In step S28, all adjacent nodes of the starting node start are acquired and added to the OPEN list, and then step S29 is executed. In step S29, calculate and obtain the adjacent node with the closest distance (using one of the above formulas (2)-(6)) to the temporary target node end' in the adjacent nodes, and the starting The start node start is added to the CLOSED list while the start node start is deleted from the OPEN list, and the one adjacent node is set as a new start node start, and then step S30 is executed.

In step S30, it is judged whether to set the temporary target node end' as the new starting node start (that is, to judge whether the current node coincides with the temporary target node end'), if the temporary target node end 'is not set as the new starting node start, return to step S28, otherwise return to step S22.

In step S31, all adjacent nodes of the starting node start are acquired and added to the OPEN list, and then step S32 is executed. In step S32, calculate and obtain the nearest adjacent node with the distance (using one of the above formulas (2)-(6)) from the target node end among the adjacent nodes, and the starting node start is added to the CLOSED list, and at the same time, the start node start is deleted from the OPEN list, and the one adjacent node is set as a new start node, and then step S33 is executed. In step S33, it is judged whether the new start node start coincides with the target node end, if yes, execute step S34, otherwise return to execute step S31. In step S34, add the target node end into the CLOSED list, and draw the set path between the starting node and the target node through all the nodes in the closed list.

In the embodiment of the present invention, the minimum binary heap is used to maintain the OPEN list, so operations such as inserting nodes, deleting nodes, sorting, and taking out the smallest node can be conveniently performed, thereby improving the efficiency of traversing nodes in the OPEN list.

In a specific implementation manner, before using the HRPA* algorithm to calculate the path between the starting node start and the target node end, it is first judged whether the set starting node start and the target node end overlap, and only after judging the When the set start node start and the target node end do not coincide, the HRPA* algorithm is used to calculate the path between the set start node start and the target node end.

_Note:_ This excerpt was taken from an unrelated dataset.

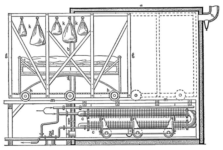 Keywords: Meyers b4 s0708 b1.png de Eiserner Desinfektionsapparat von Mercke a Doppelte Wand; b Thüröffnung durch welche der auf den Rollen h längs der Schienen m bewegliche Wagen g mit den zu desinfizierenden Betten und Kleidern k hineingeschoben wird c Kupferspiralen zum Heizen Meyers b4 s0708 jpg ca 1885 author PD-Meyers Images from Meyers Konversationslexikon 4th edition - text figures Disinfection |
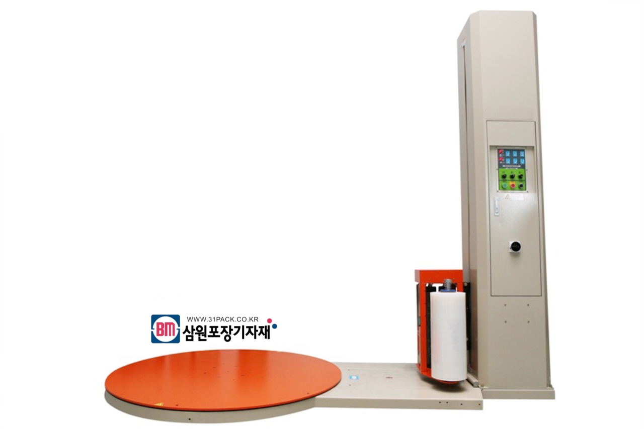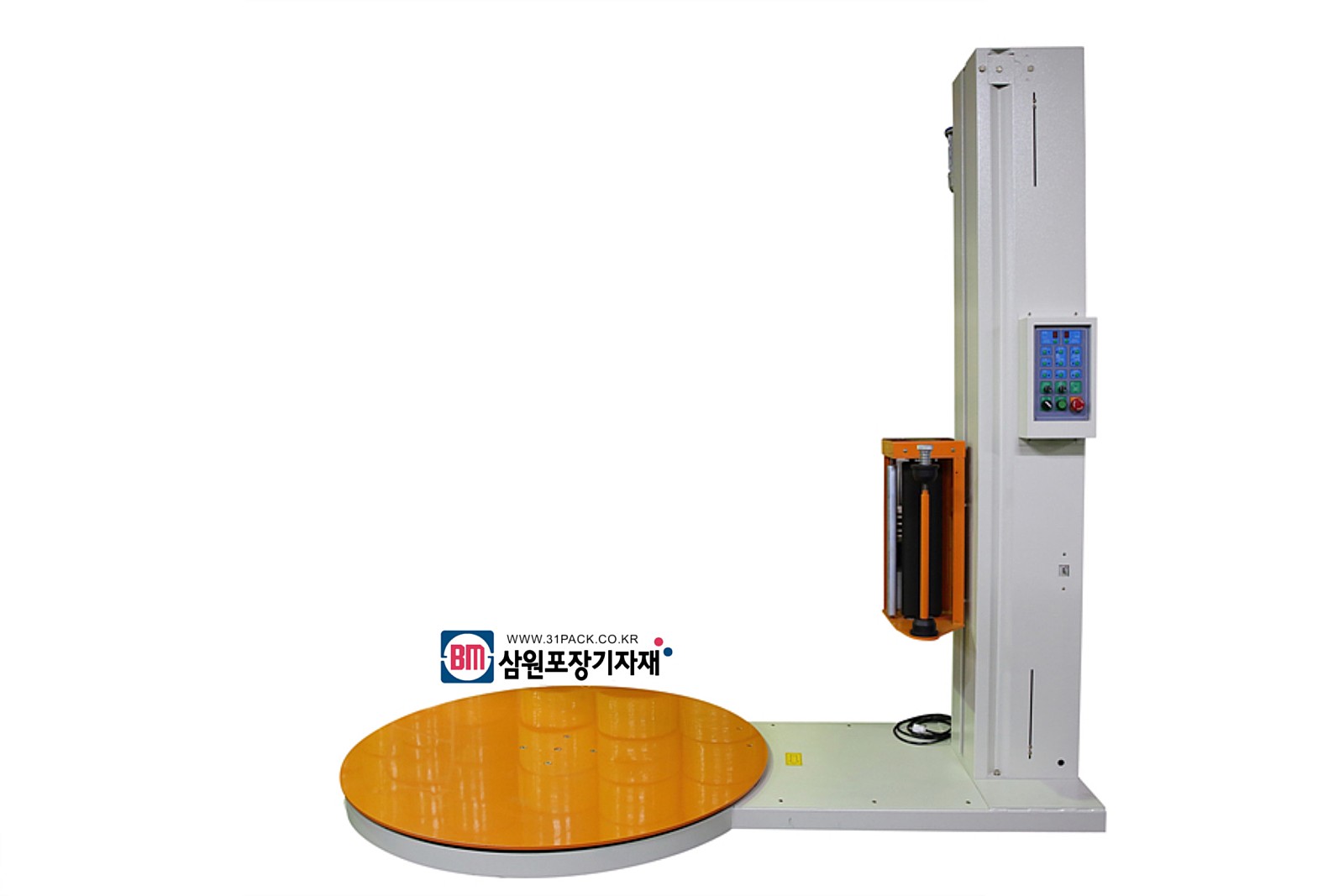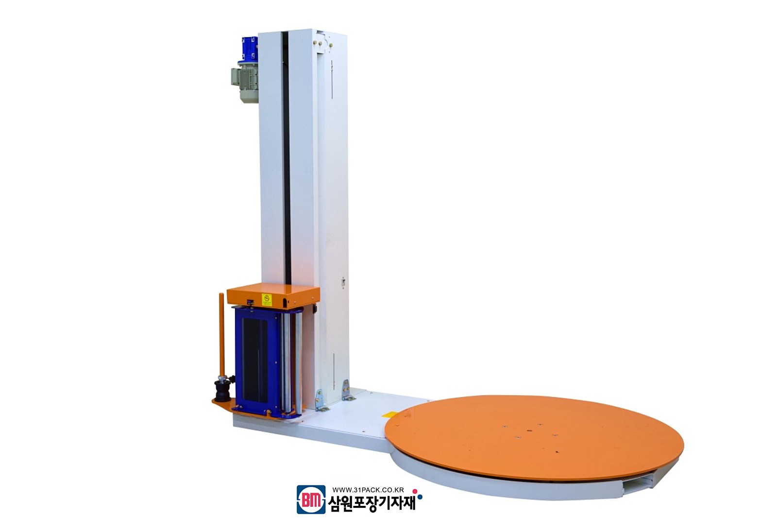 파렛트위 제품의 상,하 높이를 자동감지하여(센서장착) 원하는 횟수만큼 자동으로 랩핑해주는 파렛트랩핑기, 랩핑기는

In addition, after drawing the set path between the starting node and the target node through all the nodes in the CLOSED list, the OPEN list and the CLOSED list can be cleared for the next calculation.

In the 3D panoramic roaming pathfinding method provided by the embodiment of the present invention, the data structure of the information related to the nodes in the obtained 3D panoramic image is described in the JSON data exchange format and an undirected graph is obtained, and the obstacle list and key Node list, after that, in the case of setting the start node and target node in the nodes in the three-dimensional panorama, use the A* algorithm combined with the established obstacle list and key node list, that is, the HRPA* algorithm to calculate the set The path between the start node and the destination node of . Compared with using the existing A* algorithm for path navigation and path planning in the three-dimensional panoramic roaming, since the obstacle list and the key node list are pre-established in the invention, and the HRPA* algorithm based on this is used, it can be used at the beginning When there is an obstacle between the start node and the target node, the path is cut into two or more sections for pathfinding, which significantly reduces the number of traversed nodes, thereby improving the efficiency of path search.

second embodiment

FIG. 3 is a schematic structural diagram of a three-dimensional panoramic roaming pathfinding system provided by a second embodiment of the present invention. Referring to FIG. 3 , the 3D panoramic roaming pathfinding system 200 provided by the second embodiment of the present invention may include an acquisition module 210 , a description module 220 , an establishment module 230 , a setting module 240 and a calculation module 250 .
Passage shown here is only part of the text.